AIM OF THE TASK: In the records below, find the line containing "Joleen, платье-рубашка, Италия, сделано", then copy that line and all lines after it, exactly, omitting every picture.

Stored records:
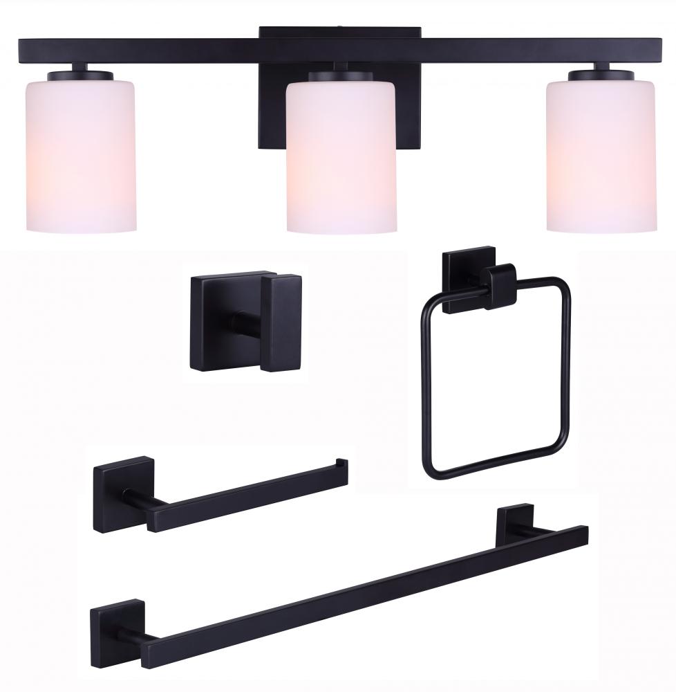 Bath Accessories and Vanity Combo, JAE MBK Color -G-, Towel Ring, Robe Hook, Tissue Holder, Towel Bar, 3 Lt Vanity, 60W Type A, Easy Connect Included
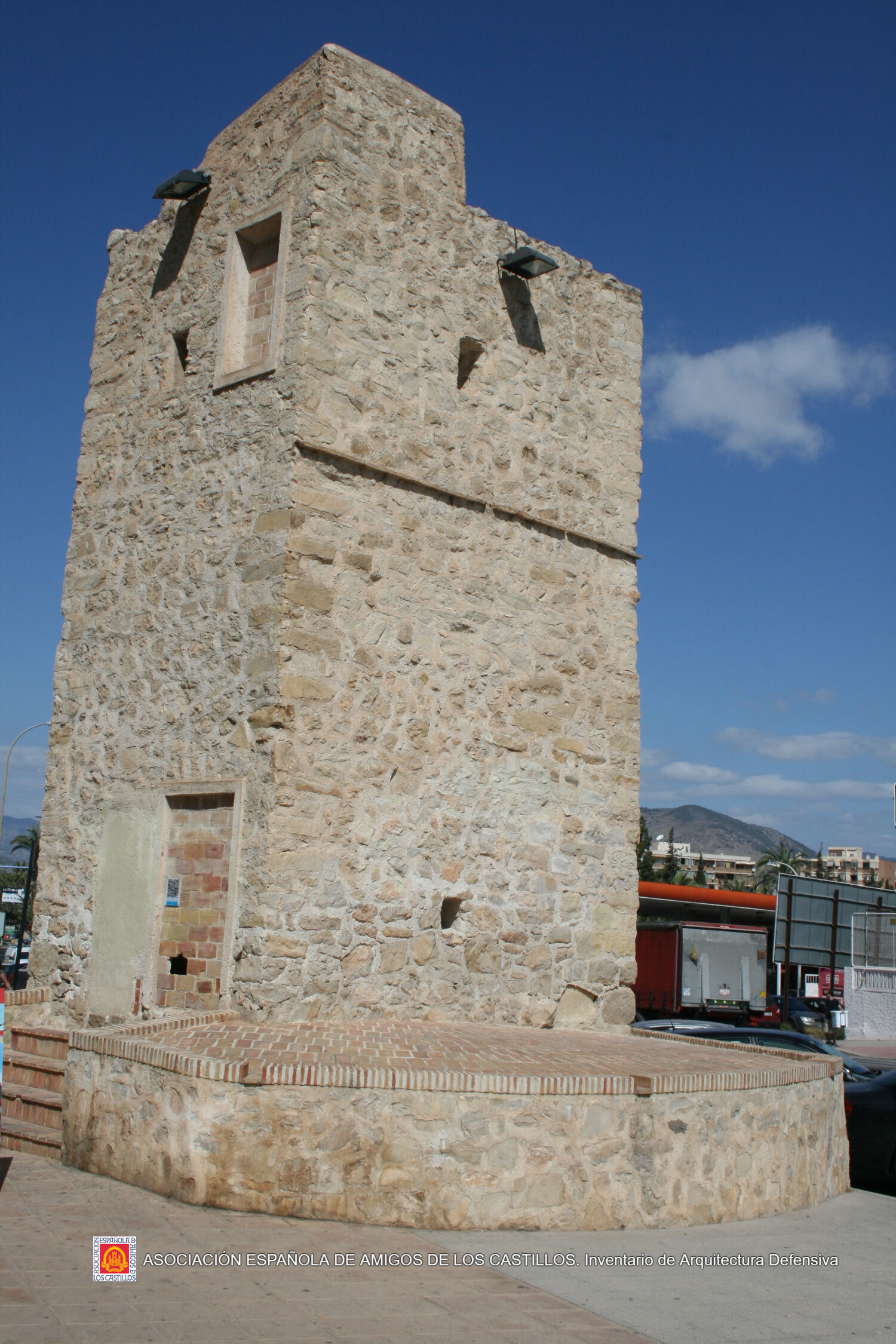 Torre cuadrada de mampostería con sillares esquineros, acceso en alto, desmochada.
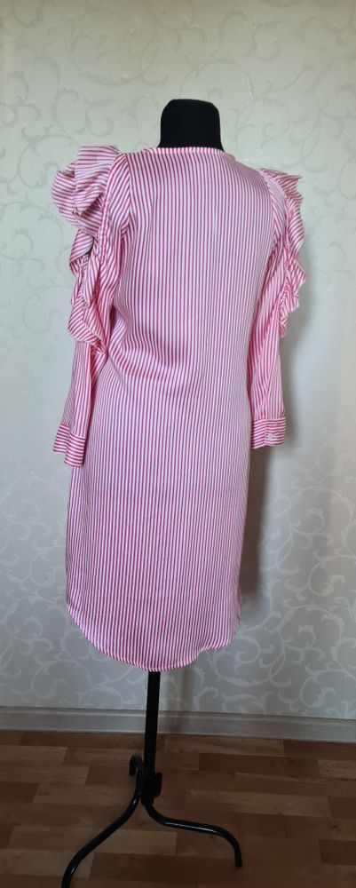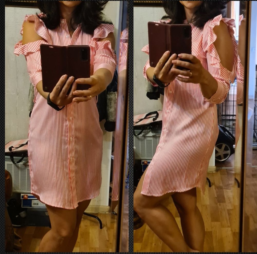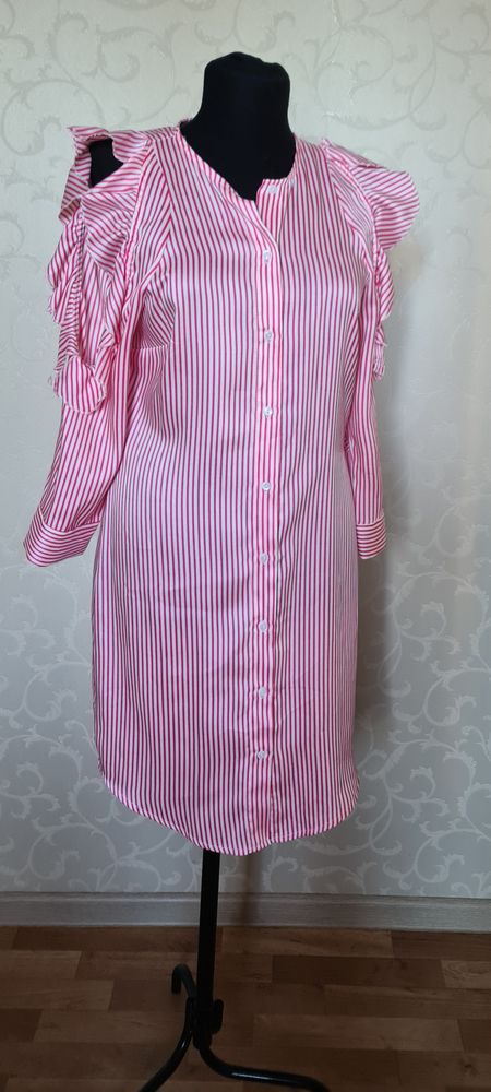 Joleen, платье-рубашка, Италия, сделано там же, новое без этикетки, маркировка S/M, но это S-ка, не больше, мне на 44-46 впритык, высочайшее качество, ткань струится, интересная эффектная модель, пояска при покупке не было, подойдёт любой белый, можно носить без него, экв.5000=
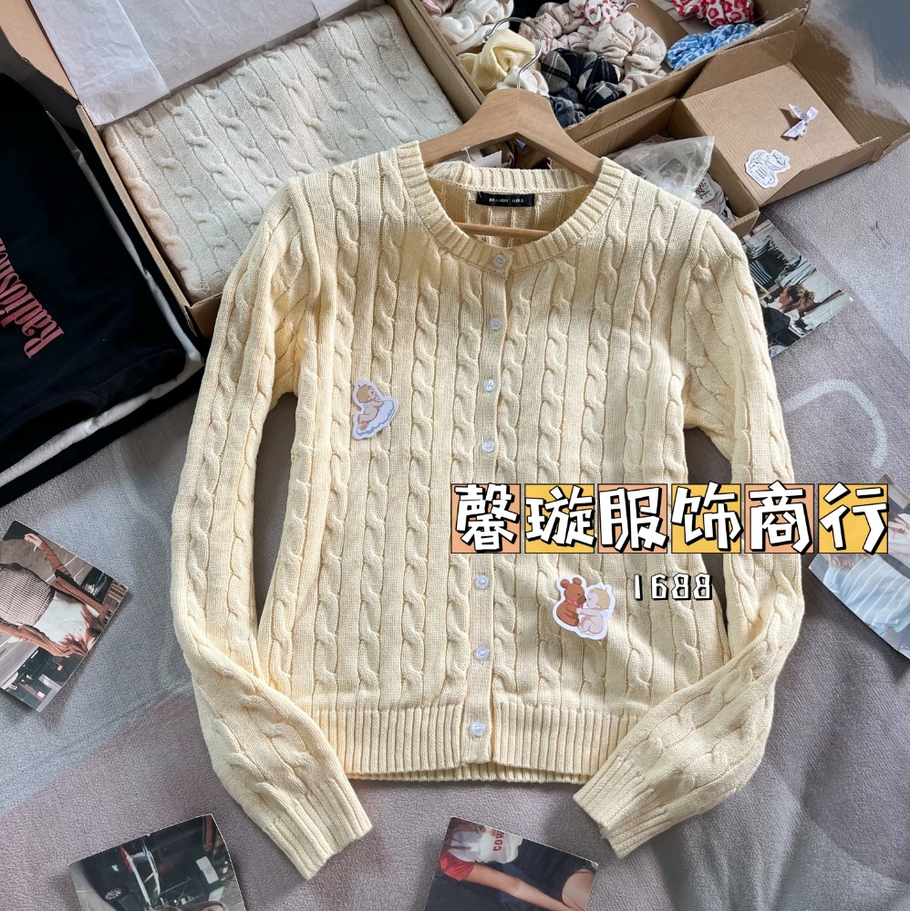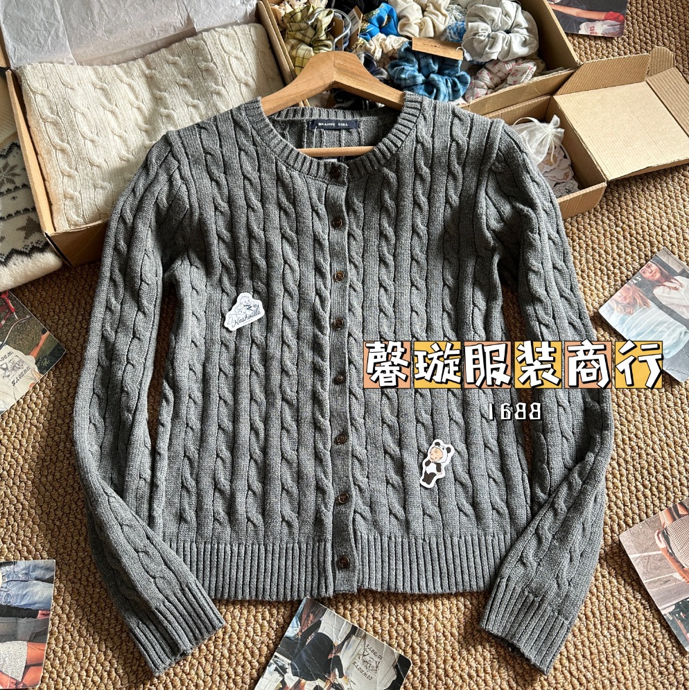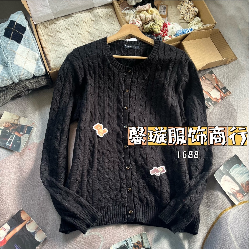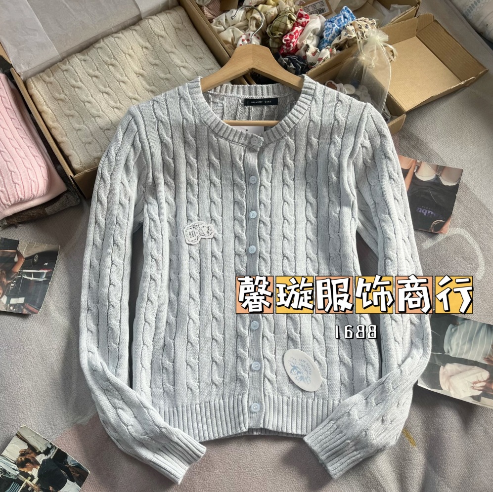 BM стиль американский стиль ретро синий твист вязаный кардиган свитер однобортный короткий топ пальто для женщин
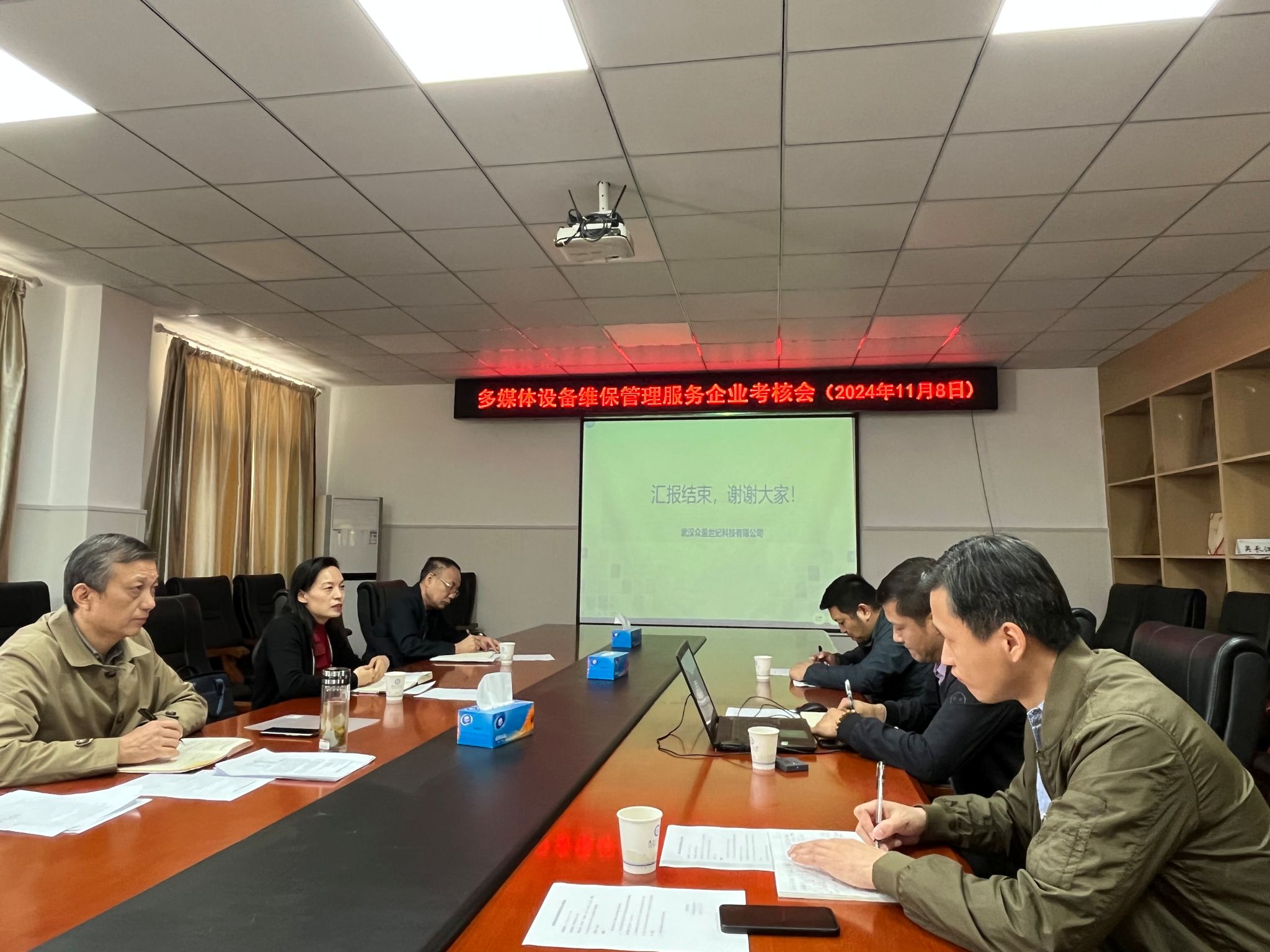 随后,服务企业驻校负责人陶勇作2023年-2024年度多媒体维保工作汇报。汇报结束后,与会人员对武汉众盈世纪科技有限公司多媒体维保服务进行考核评分,参会人员对维保公司后期工作提出具体意见和建议。
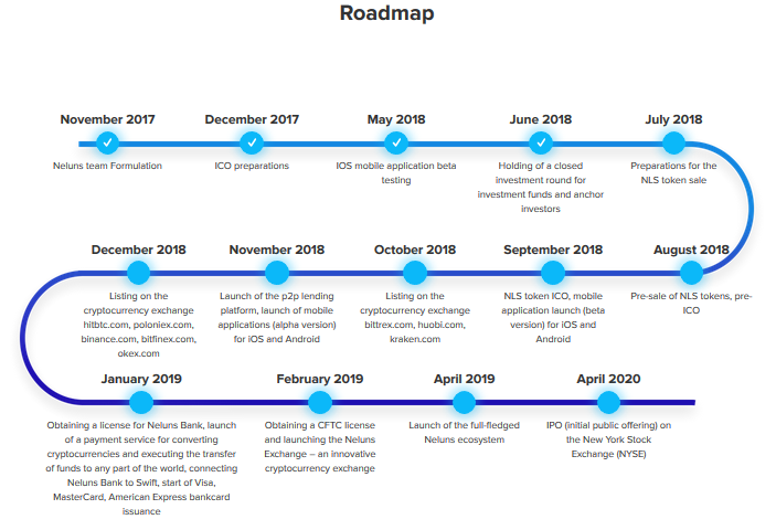 On january 2019 Obtaining a license for Neluns Bank, launch of a payment service for converting cryptocurrencies and executing the transfer of funds to any part of the world, connecting Neluns Bank to Swift, start of Visa, MasterCard, American Express bankcard issuance, this is interesting for a long-term project.

RESULT FOR THIS TASK:
 Joleen, платье-рубашка, Италия, сделано там же, новое без этикетки, маркировка S/M, но это S-ка, не больше, мне на 44-46 впритык, высочайшее качество, ткань струится, интересная эффектная модель, пояска при покупке не было, подойдёт любой белый, можно носить без него, экв.5000=
 BM стиль американский стиль ретро синий твист вязаный кардиган свитер однобортный короткий топ пальто для женщин
 随后,服务企业驻校负责人陶勇作2023年-2024年度多媒体维保工作汇报。汇报结束后,与会人员对武汉众盈世纪科技有限公司多媒体维保服务进行考核评分,参会人员对维保公司后期工作提出具体意见和建议。
 On january 2019 Obtaining a license for Neluns Bank, launch of a payment service for converting cryptocurrencies and executing the transfer of funds to any part of the world, connecting Neluns Bank to Swift, start of Visa, MasterCard, American Express bankcard issuance, this is interesting for a long-term project.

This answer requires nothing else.